- Coordinates: 33°22′00″S 61°43′00″W﻿ / ﻿33.36667°S 61.71667°W
- Country: Argentina
- Province: Santa Fe Province
- Department: Caseros Department
- Founded: 1902

Government
- • Type: Communal President
- • President: Matteucci Damián Justicialist Party
- Elevation: 95 m (312 ft)

Population (2001)
- • Total: 2,732
- • Density: 216/km^{2} (560/sq mi)
- Time zone: UTC−3 (ART)
- Area code: +54 3465

= Los Quirquinchos =

Los Quirquinchos is a town (comuna) in Santa Fe Province, in Caseros Departamento 140 km from Rosario, 256 km from the provincial capital, by provincial route RP 93. It has a population of 2,900 inhabitants as per the .

==History==
Domingo Funes sold to Juan Gödeken a fraction of his land, a place without any roads, population or housing, making historians think that Gödeken was responsible for the first settlement and the farmers that came next cleaned up and cultivated the fields, building the majority of the rural roads.
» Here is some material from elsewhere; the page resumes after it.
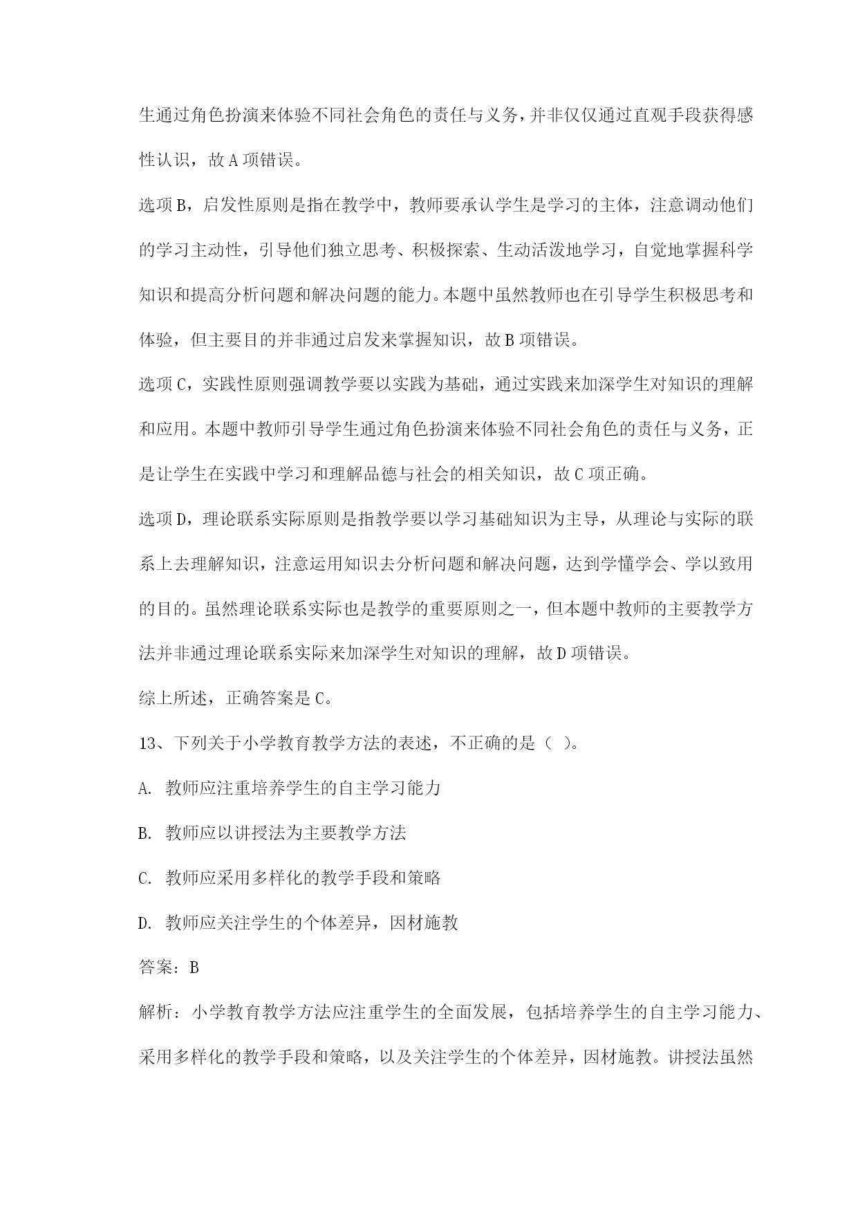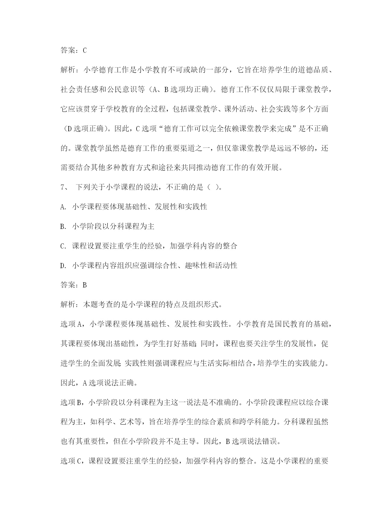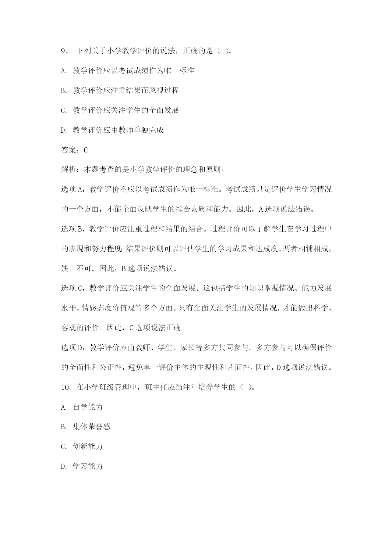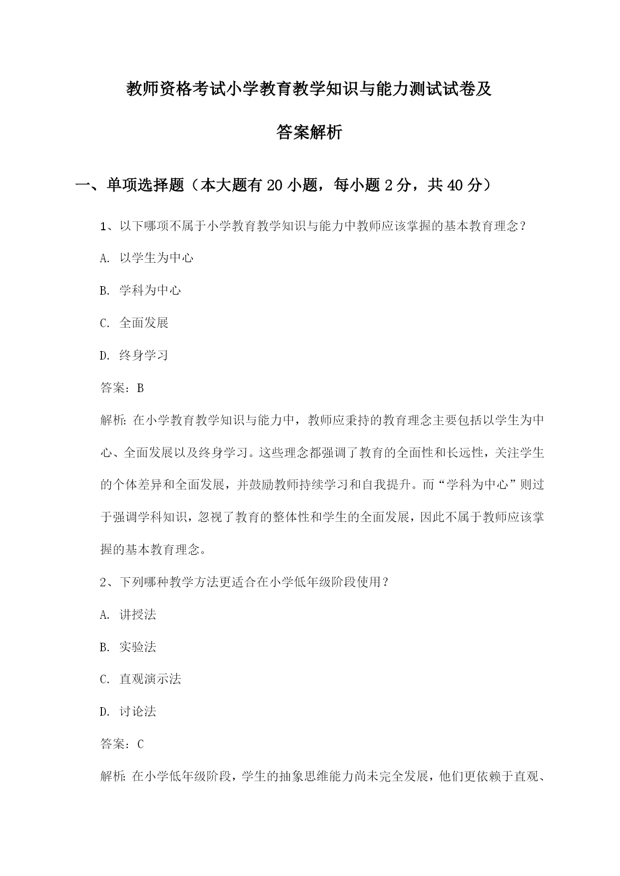 教师资格考试小学教育教学知识与能力测试试卷及答案解析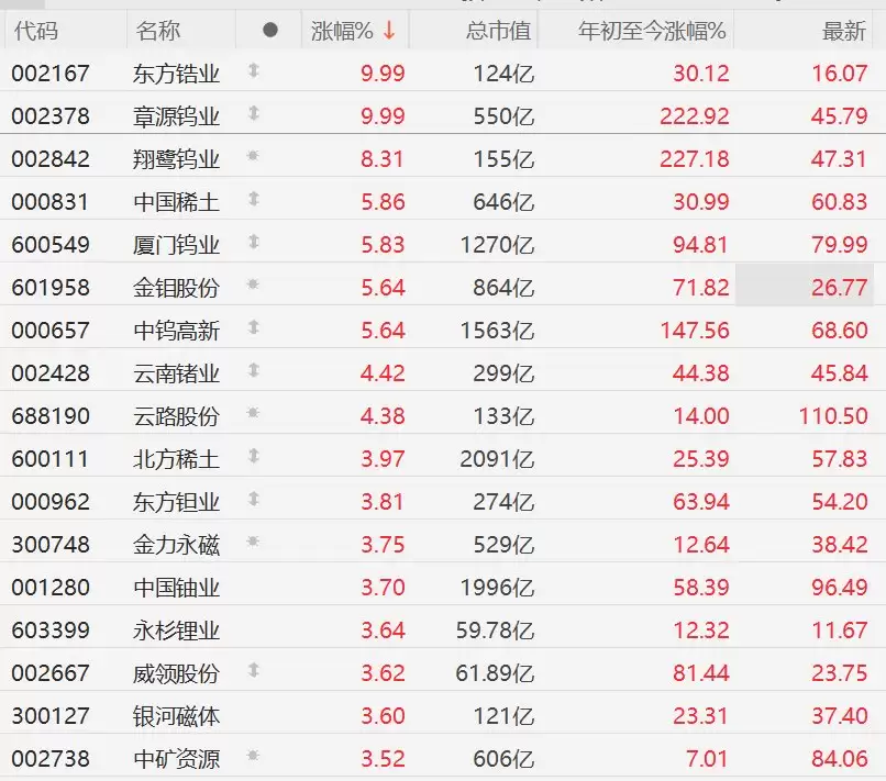 战争金属价格飙升,东方锆业、章源钨业涨停,A股异动解析

The town's name could have been temporary, looking at the local geography which features many chañars, a tree common to the area that gave the name to the nearby town of Chañar Ladeado (literally sideways chañar). The local township (comuna) was officially founded on October 11, 1906.

==Sports==
The town has a local football club named Huracán Football Club, founded April 11, 1929. It plays in the local Lorenzo Tozini stadium, named after a prominent member of the club.

The town's principal annual event is Expo Globo, a rural industry and commerce show declared to be of social interest by the Federal Senate.